**WHAT IS NEEDED**
Restate the listing below line for line and word for word, without the pictures.

(Beginning of DATASET CONTENT)

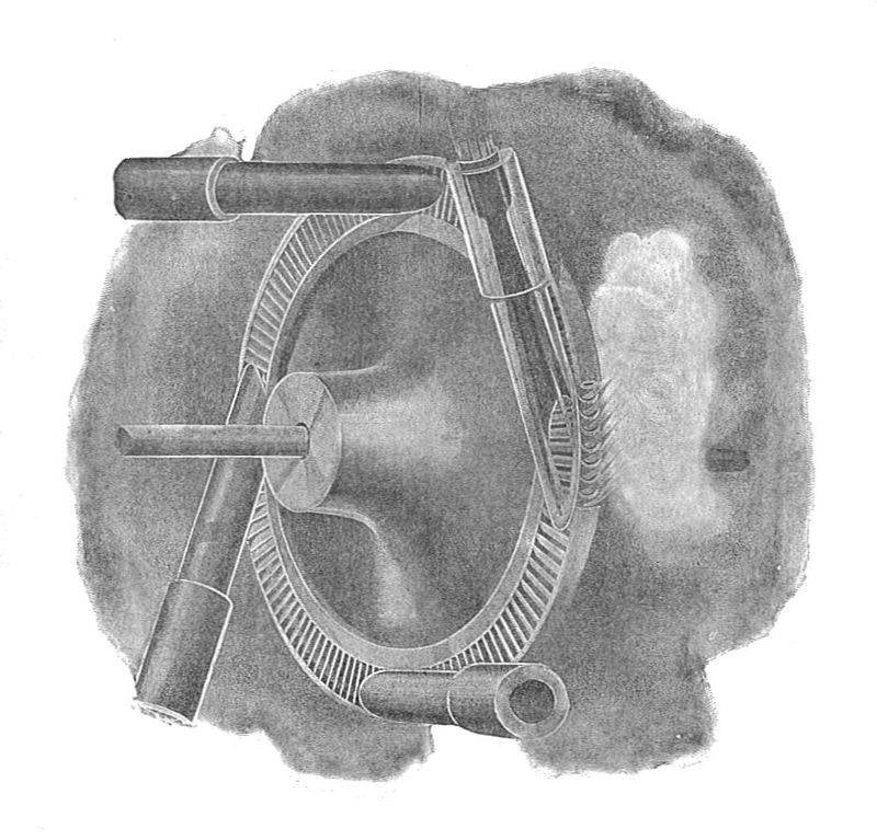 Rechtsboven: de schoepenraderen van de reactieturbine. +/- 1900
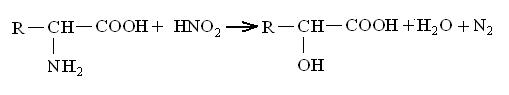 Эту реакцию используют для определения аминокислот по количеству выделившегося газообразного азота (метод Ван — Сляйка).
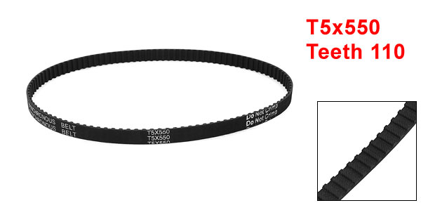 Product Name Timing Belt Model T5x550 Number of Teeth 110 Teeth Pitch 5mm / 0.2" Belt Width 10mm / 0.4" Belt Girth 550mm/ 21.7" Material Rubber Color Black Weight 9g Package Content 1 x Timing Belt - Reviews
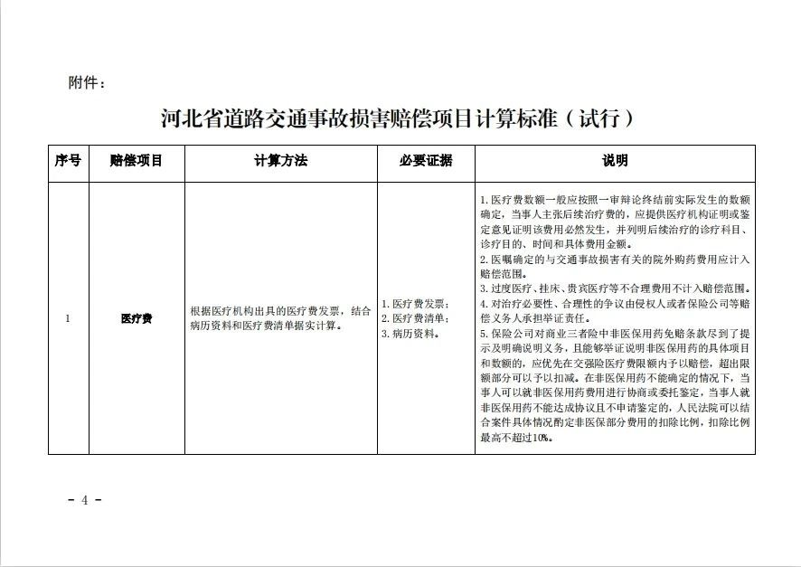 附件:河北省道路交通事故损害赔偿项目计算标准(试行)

(End of DATASET CONTENT)

**RESULT OF THIS TASK**
 Rechtsboven: de schoepenraderen van de reactieturbine. +/- 1900
 Эту реакцию используют для определения аминокислот по количеству выделившегося газообразного азота (метод Ван — Сляйка).
 Product Name Timing Belt Model T5x550 Number of Teeth 110 Teeth Pitch 5mm / 0.2" Belt Width 10mm / 0.4" Belt Girth 550mm/ 21.7" Material Rubber Color Black Weight 9g Package Content 1 x Timing Belt - Reviews
 附件:河北省道路交通事故损害赔偿项目计算标准(试行)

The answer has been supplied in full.